The best pot pies are homemade ones, but lazy pot pies are the best answer to cold weather and low energy. You have every right to eat thick meat stews in pie form, but not everyone has the gumption to toil away for hours. There is a way to have it all. Summon up your inner Sandra Lee: This hearty dish is made with store-bought components, so you can manipulate them into a delicious and worthy pie.
For a proper lazy pie that tastes better than anything in the frozen section, you’ll need a can of soup and a sheet of packaged, frozen pastry. You can use puff pastry, or a sheet of pie dough, if you prefer. Thaw the pastry in the refrigerator according to the package directions, and preheat the oven to 400°F. Grab a can of creamy chicken soup. Maybe you already have a favorite: It might be chicken corn chowder, or chicken and dumplings, maybe even creamy chicken noodle, Progresso makes a chicken pot pie style soup, but whatever it is, this is your base.
Add the soup to a pot. Bring it to a boil and stir in a cornstarch slurry. This will thicken your filling to enrobe the ingredients and ensure it’s not runny. If you haven’t made a cornstarch slurry before, stir about two tablespoons of cornstarch into a half cup of cold water until you no longer feel it sticking at the bottom. (You may not use all of this liquid depending on your texture preference.) Add half of the slurry to the boiling soup while stirring quickly. Let the mixture return to a boil to see how thick it is. If you like it thicker, add the rest of the slurry while stirring. You’ll only be able to see the full impact of the cornstarch once it returns to a boil. If you like it even thicker, you can always make more slurry.

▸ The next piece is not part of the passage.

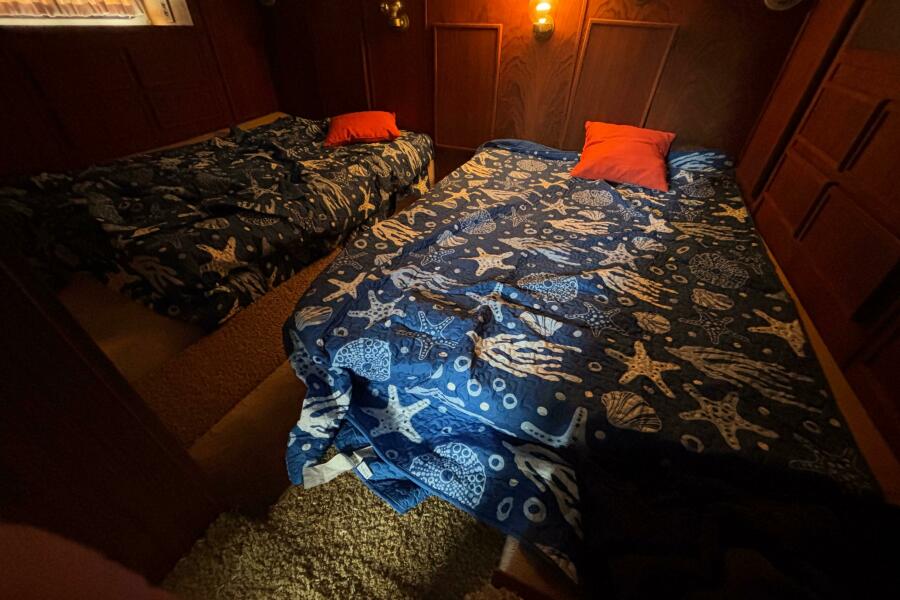 Entering through a sliding door from the covered aft deck and down 5 steps you enter the salon. There is a large sofa (converts to double) to starboard and 2 swivel bucket upholstered chairs to port. Following to port is a breakfast bar with bar stools followed by the galley. Adjacent to the galley is a head with enclosed shower. Just aft of the head and down 2 steps is the guest stateroom which features 2 double beds.

Take the mixture off the heat. At this point, you can take the soup to near scratch-made flavor levels. Stir in cooked, shredded chicken, frozen peas, frozen corn, or small pieces of potato. Get a little inspired and add fresh or dried herbs and some savory spices. Anything additional from your fridge or spice rack will take this canned soup further and further away from tasting like canned soup. No need to bring it back to a boil, though; it’s about to go in the oven.
Pour the filling into an oven safe pie plate, ramekin, cast iron skillet, or other pot pie-worthy baking dish. Place the thawed pastry on the counter and cut vent slits into it. Lay the pastry over the top of the filling. You can trim the edges so it fits the dish neatly, or leave some overhang. There’s no need to crimp or press the pastry to the dish, but if you like the effect, you certainly can. Note that puff pastry will have better lift if you leave the edges untouched. Lightly egg wash the top, avoiding the vents, and place the pie on a sheet tray in the 400°F oven for 20-30 minutes, or until the pastry has nicely browned, or puffed completely. Although you won’t want to, let the pie cool for 10 to 15 minutes before diving in.
You can use this method with any canned soup. Try chicken mushroom, or a clam chowder pot pie. A can of soup has always been one serving for me, but you can store leftovers in the fridge for up to three days, and reheat it in the microwave or in the oven. Reminder: Lazy chicken pot pies are best enjoyed in stretchy pants.